------ EXERCISE MATERIALS

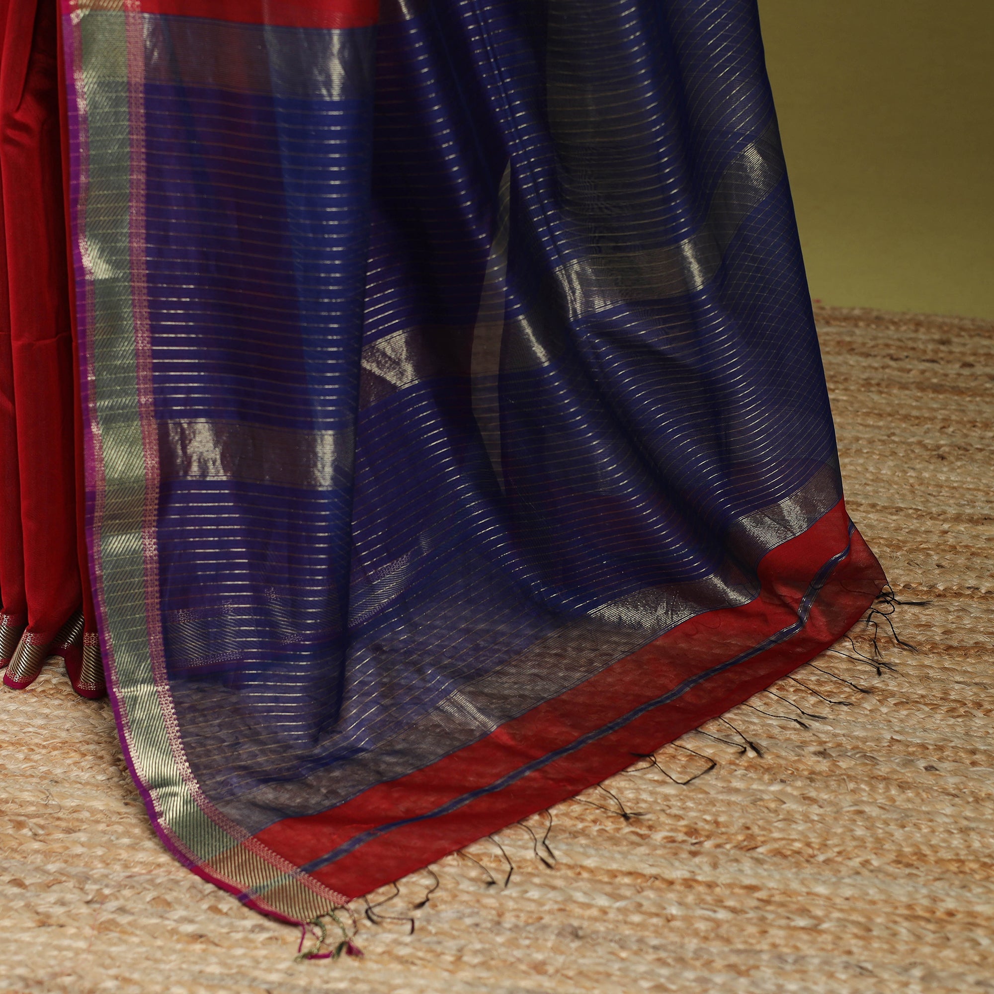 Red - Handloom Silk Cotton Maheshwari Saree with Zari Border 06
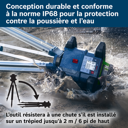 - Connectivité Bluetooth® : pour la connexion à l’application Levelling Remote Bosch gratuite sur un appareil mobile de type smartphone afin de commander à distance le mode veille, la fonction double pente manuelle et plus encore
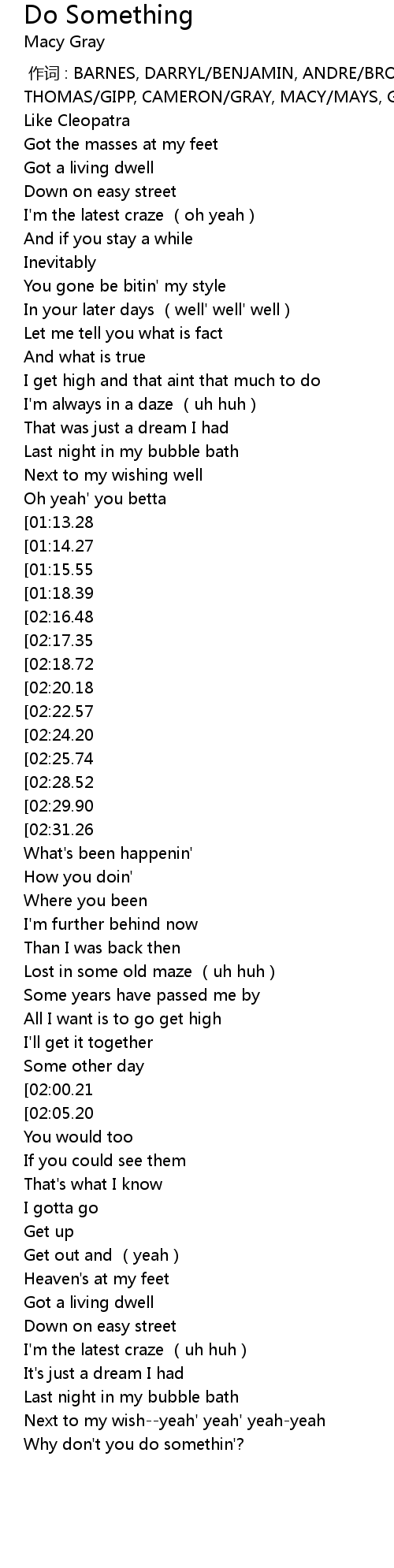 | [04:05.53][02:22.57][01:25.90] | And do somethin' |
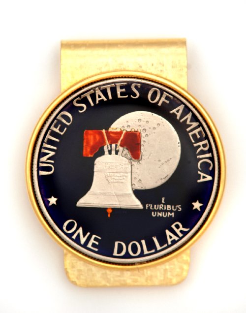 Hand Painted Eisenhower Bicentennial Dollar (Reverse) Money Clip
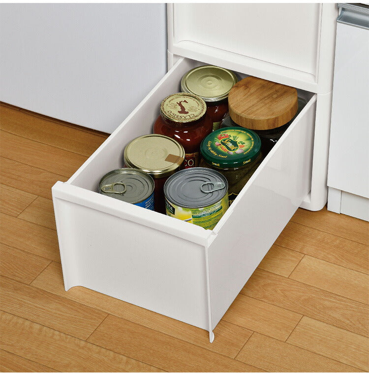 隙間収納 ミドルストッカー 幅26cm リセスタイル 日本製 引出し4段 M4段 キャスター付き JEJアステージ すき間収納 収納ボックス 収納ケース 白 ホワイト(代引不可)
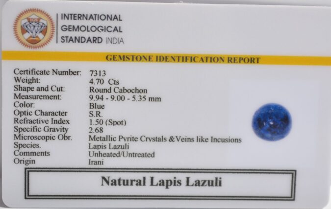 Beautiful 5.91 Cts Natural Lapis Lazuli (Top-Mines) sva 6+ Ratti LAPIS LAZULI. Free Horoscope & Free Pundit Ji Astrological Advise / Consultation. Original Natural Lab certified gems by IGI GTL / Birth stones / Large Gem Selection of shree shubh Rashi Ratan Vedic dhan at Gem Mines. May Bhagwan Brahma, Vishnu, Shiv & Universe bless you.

------------
------ EXERCISE MATERIALS

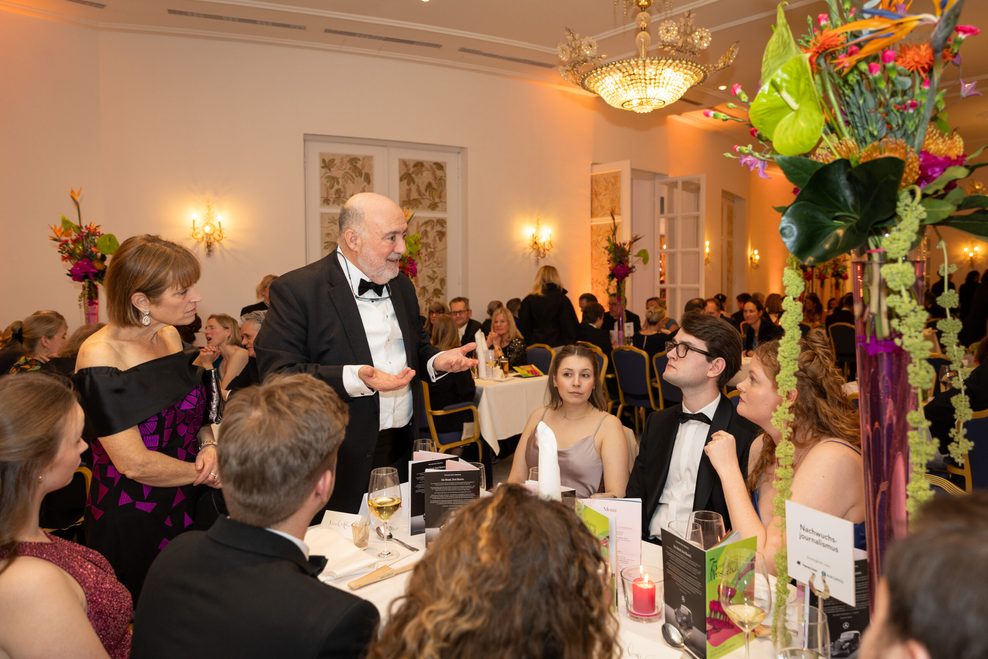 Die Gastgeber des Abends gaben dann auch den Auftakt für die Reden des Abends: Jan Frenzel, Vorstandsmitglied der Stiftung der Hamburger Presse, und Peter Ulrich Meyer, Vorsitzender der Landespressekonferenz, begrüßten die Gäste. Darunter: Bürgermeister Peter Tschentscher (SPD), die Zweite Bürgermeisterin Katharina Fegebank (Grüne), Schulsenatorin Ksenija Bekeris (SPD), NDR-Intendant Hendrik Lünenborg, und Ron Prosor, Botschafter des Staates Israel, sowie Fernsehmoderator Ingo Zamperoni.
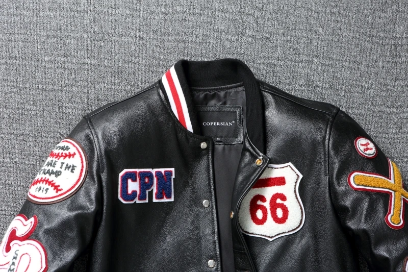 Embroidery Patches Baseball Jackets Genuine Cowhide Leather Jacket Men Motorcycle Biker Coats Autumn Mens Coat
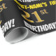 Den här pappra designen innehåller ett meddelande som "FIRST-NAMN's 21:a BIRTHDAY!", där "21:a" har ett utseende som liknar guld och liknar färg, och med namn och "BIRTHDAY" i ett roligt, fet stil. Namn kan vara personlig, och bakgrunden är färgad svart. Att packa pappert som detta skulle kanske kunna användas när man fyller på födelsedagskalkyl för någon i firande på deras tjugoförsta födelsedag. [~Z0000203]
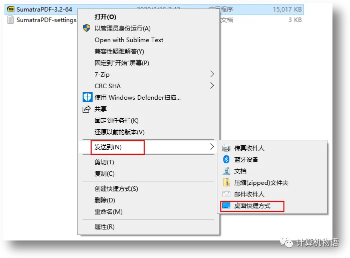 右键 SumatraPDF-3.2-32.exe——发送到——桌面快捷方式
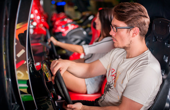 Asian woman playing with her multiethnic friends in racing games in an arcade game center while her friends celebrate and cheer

------------

THE TASK. What is needed is an exact copy of the lines above from the one with "隙間収納 ミドルストッカー 幅26cm" to the one with "Beautiful 5.91 Cts", both ends kept, and nothing more; please leave the pictures out.

TASK RESULT.
 隙間収納 ミドルストッカー 幅26cm リセスタイル 日本製 引出し4段 M4段 キャスター付き JEJアステージ すき間収納 収納ボックス 収納ケース 白 ホワイト(代引不可)
 Beautiful 5.91 Cts Natural Lapis Lazuli (Top-Mines) sva 6+ Ratti LAPIS LAZULI. Free Horoscope & Free Pundit Ji Astrological Advise / Consultation. Original Natural Lab certified gems by IGI GTL / Birth stones / Large Gem Selection of shree shubh Rashi Ratan Vedic dhan at Gem Mines. May Bhagwan Brahma, Vishnu, Shiv & Universe bless you.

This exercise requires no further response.